Google, in playing its role as the world’s accumulator of data, uses a whole fleet of data centers worldwide. There’s no doubt they use an enormous amount of power, but until now Google has refused to share any statistics. That’s all changed with Google Green, a new website dedicated to bringing more transparency into the company’s energy usage.

While powering Google searches, YouTube, Gchat emoticons and everything else Google offers online, those data centers draw a large part of Google’s worldwide energy use of 260 million watts. That’s continuously, day after day, although it is subject to some fluctuation based on user load. According to the New York Times, that’s about quarter of what a nuclear power plant produces, or enough electricity to power 200,000 houses.

Google argues that, despite the huge number, the company makes the world greener in the long run. It’s an interesting argument: rather than driving to the library, people can use Google search. Rather than getting lost, and wasting more gas, users map their routes on Google Maps. Also, Google’s large size allow for more efficient data center arrangements, as evidenced by government agencies whose email costs were cut in half after outsourcing data management to Google.

According to Google, the average energy consumption of one of its typical users is about 180 watt-hours a month. That’s like running an average 60-watt indoor lightbulb for just three hours. Multiply that trickle of energy by the billions of searches and downloads conducted at Google daily and you necessarily end up with a whopping number.

On top of Google’s efficiency claims, the company says it’s also getting greener. The company’s numbers state that 25 percent of its energy use came from clean power sources in 2010. That’s been bumped up to 30 percent in 2011, and Google plans to get that up to 35 percent by 2012 with a combination of direct investment in clean power production and sourcing clean power from utilities. The company’s numbers may be on the conservative side; according to GigaOm, Greenpeace earlier this year estimated Google’s clean power use at 36.4 percent.

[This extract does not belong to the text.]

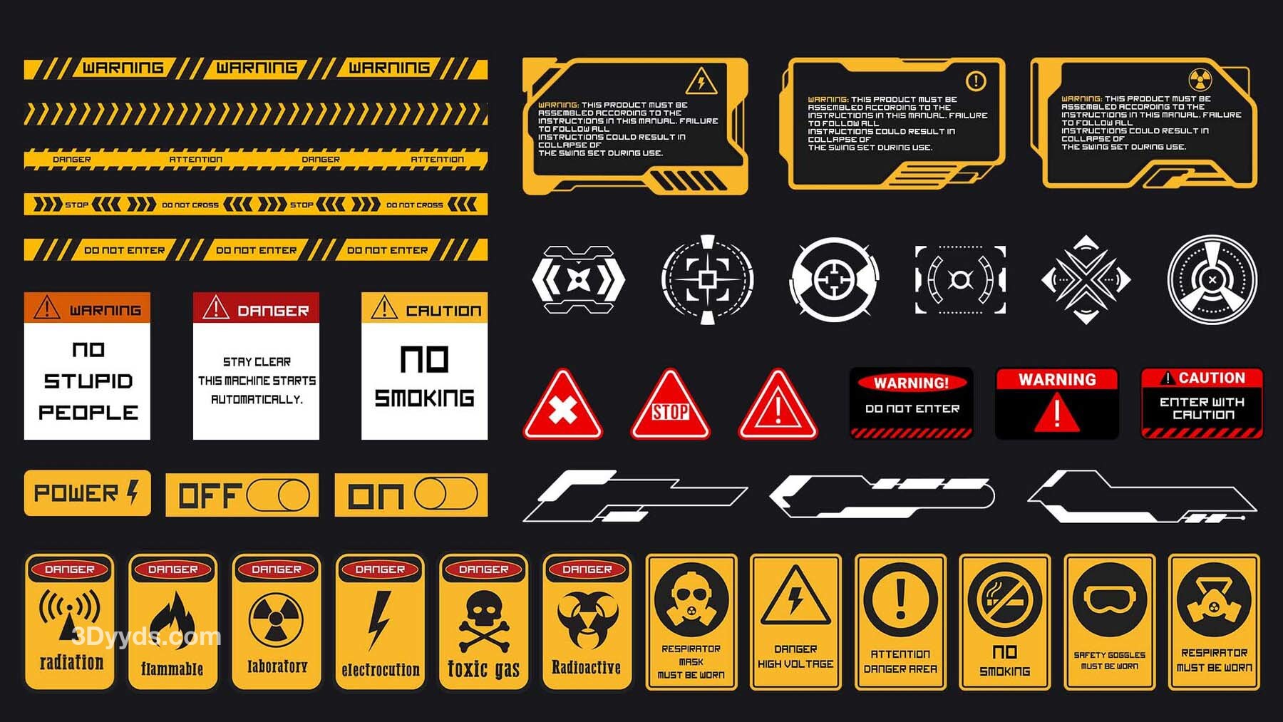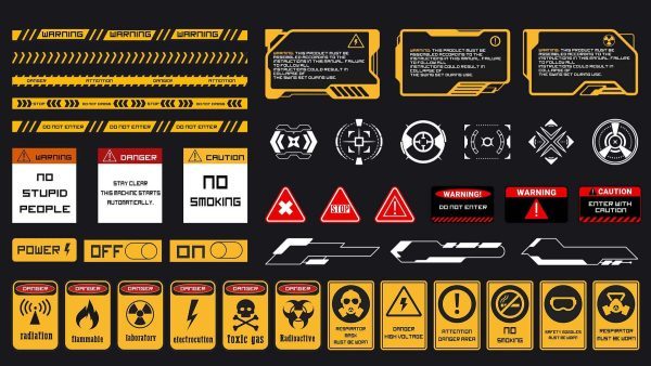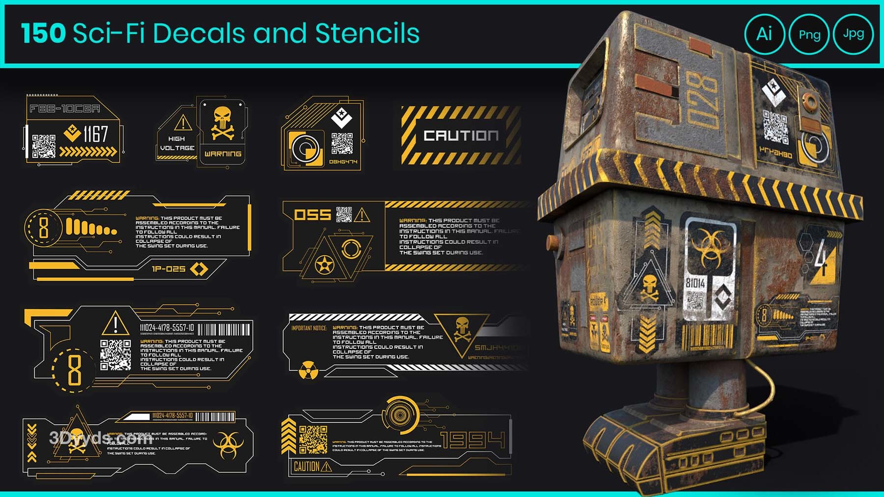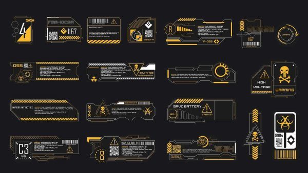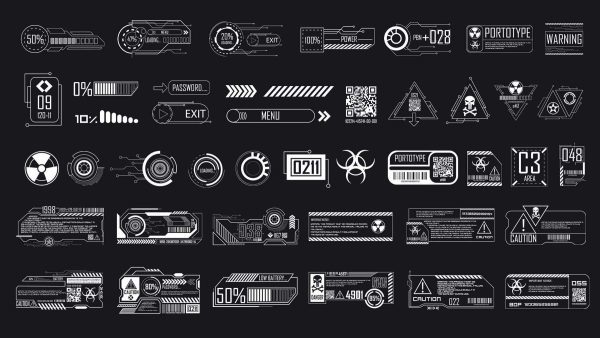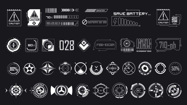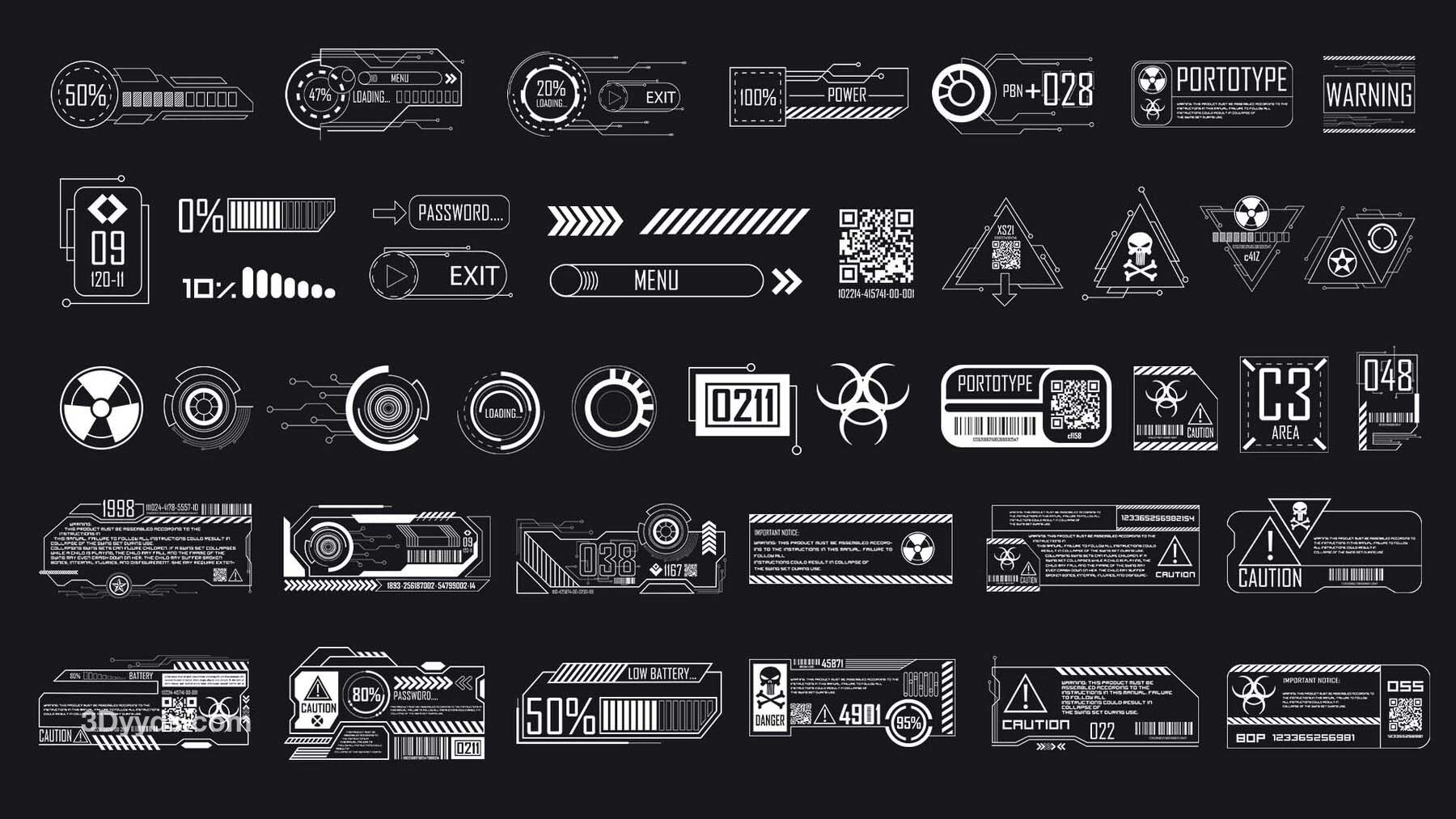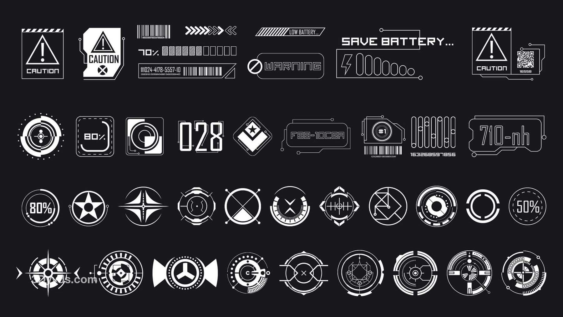 这是一套150个科幻贴纸和模板,适用于2D或3D艺术作品,包括标志、符号、图标、基本形状、科幻工业标志、科技与科学形状、信息贴纸、模板、海报和阿尔法
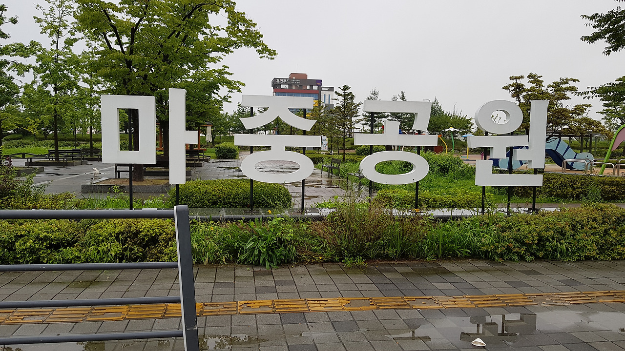 비가 오는 마중공원은 역시나 사람이 없다. 비가 와서 바닥에 여러 곳 웅덩이도 있고 쉽지 않은 길이겠지만 기분은 너무 좋다.

For the other 65 percent or so of Google’s energy use that comes from fossil fuels, the company says it buys “high-quality” carbon offsets that it claims have kept it carbon neutral since 2007. Those basically translate into investments for more clean power and other green projects. In any case, Google’s finally owning up to following the green trend that’s been swirling through the tech world for years now. While its numbers are subject to verification, with a company this large, cleaner and more efficient is always a good thing.